From this sample of my dataset, I need to drop duplicate rows that have that have same values in all columns except for "parent_station". The duplicate row that will be removed has to be the one with NaN in "parent_station" column and keep the row that has "parent_station" value different than NaN. In this example, the row that needs to be removed is the 4th row, with index of 7789. How can I do this ? I have not yet been able to figure out how.
stop_id stop_name parent_station trip_id arrival_time departure_time stop_sequence route_id trip_headsign
7022 87413385 Gare de Yvetot StopArea:OCE87413385 OCESN003100F140147152 05:49:00 05:50:00 2.0 OCE1506035 3100.0
3518 87411017 Gare de Rouen-Rive-Droite StopArea:OCE87411017 OCESN003100F140147152 06:12:00 06:15:00 3.0 OCE1506035 3100.0
8040 87413013 Gare de Le Havre StopArea:OCE87413013 OCESN003100F140147152 05:20:00 05:20:00 0.0 OCE1506035 3100.0
7789 87413013 Gare de Le Havre NaN OCESN003100F140147152 05:20:00 05:20:00 0.0 OCE1506035 3100.0
7197 87413344 Gare de Bréauté-Beuzeville NaN OCESN003100F140147152 05:35:00 05:36:00 1.0 OCE1506035 3100.0
CodePudding user response:
You can use a boolean mask:
out = df[~df.drop('parent_station', axis=1).duplicated(keep=False) | pd.notna(df['parent_station'])]
Output:
stop_id stop_name parent_station \
index
7022 87413385 Gare de Yvetot StopArea:OCE87413385
3518 87411017 Gare de Rouen-Rive-Droite StopArea:OCE87411017
8040 87413013 Gare de Le Havre StopArea:OCE87413013
7197 87413344 Gare de Bréauté-Beuzeville NaN
trip_id arrival_time departure_time stop_sequence \
index
7022 OCESN003100F140147152 05:49:00 05:50:00 2.0
3518 OCESN003100F140147152 06:12:00 06:15:00 3.0
8040 OCESN003100F140147152 05:20:00 05:20:00 0.0
7197 OCESN003100F140147152 05:35:00 05:36:00 1.0
route_id trip_headsign
index
7022 OCE1506035 3100.0
3518 OCE1506035 3100.0
8040 OCE1506035 3100.0
7197 OCE1506035 3100.0
CodePudding user response:
Use drop_duplicates
:
cols = df.columns[df.columns != 'parent_station']

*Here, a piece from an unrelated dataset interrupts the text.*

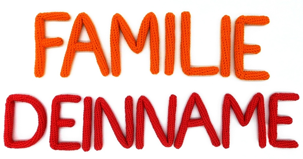 Es kann auch jedes andere Garn mit dazu passender Häkelnadel verwendet werden, die Größe der Buchstaben und der Materialverbrauch ist dann natürlich anders.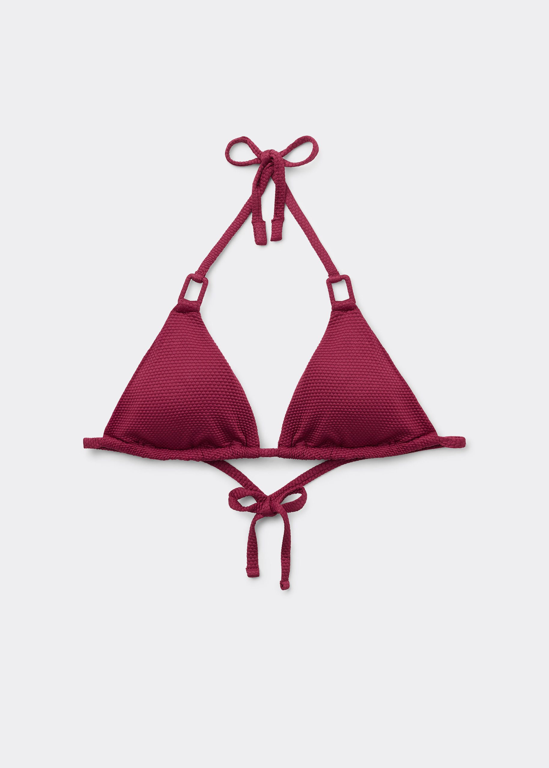 Slide triangle bikini top with removable padding, wireless for a natural effect. The elegant and hard-wearing piqué fabric with its distinctive texture is embellished by a chic accessory that further exalts the style. The shoulder straps have eyelets on the ends so they can be hooked onto the back band or tied behind the neck. Back string tie closure.

out = df[~(df.duplicated(cols, keep=False) & df['parent_station'].isna())]
print(out)
# Output
stop_id stop_name parent_station trip_id arrival_time departure_time stop_sequence route_id trip_headsign
7022 87413385 Gare de Yvetot StopArea:OCE87413385 OCESN003100F140147152 05:49:00 05:50:00 2.0 OCE1506035 3100.0
3518 87411017 Gare de Rouen-Rive-Droite StopArea:OCE87411017 OCESN003100F140147152 06:12:00 06:15:00 3.0 OCE1506035 3100.0
8040 87413013 Gare de Le Havre StopArea:OCE87413013 OCESN003100F140147152 05:20:00 05:20:00 0.0 OCE1506035 3100.0
7197 87413344 Gare de Bréauté-Beuzeville NaN OCESN003100F140147152 05:35:00 05:36:00 1.0 OCE1506035 3100.0
CodePudding user response:
Very Easy solution! I hope this is what you were looking for:
import pandas as pd
import numpy as np
df = pd.DataFrame({'stop_id': ['87413385', '87411017', '87413013', '87413013', '87413344'],
'stop_name': ['Gare de Yvetot', 'Gare de Rouen-Rive-Droite', 'Gare de Le Havre', 'Gare de Le Havre', 'Gare de Bréauté-Beuzeville'],
'parent_station': ['StopArea:OCE87413385', 'StopArea:OCE87411017', 'StopArea:OCE87413013', np.NaN, np.NaN]})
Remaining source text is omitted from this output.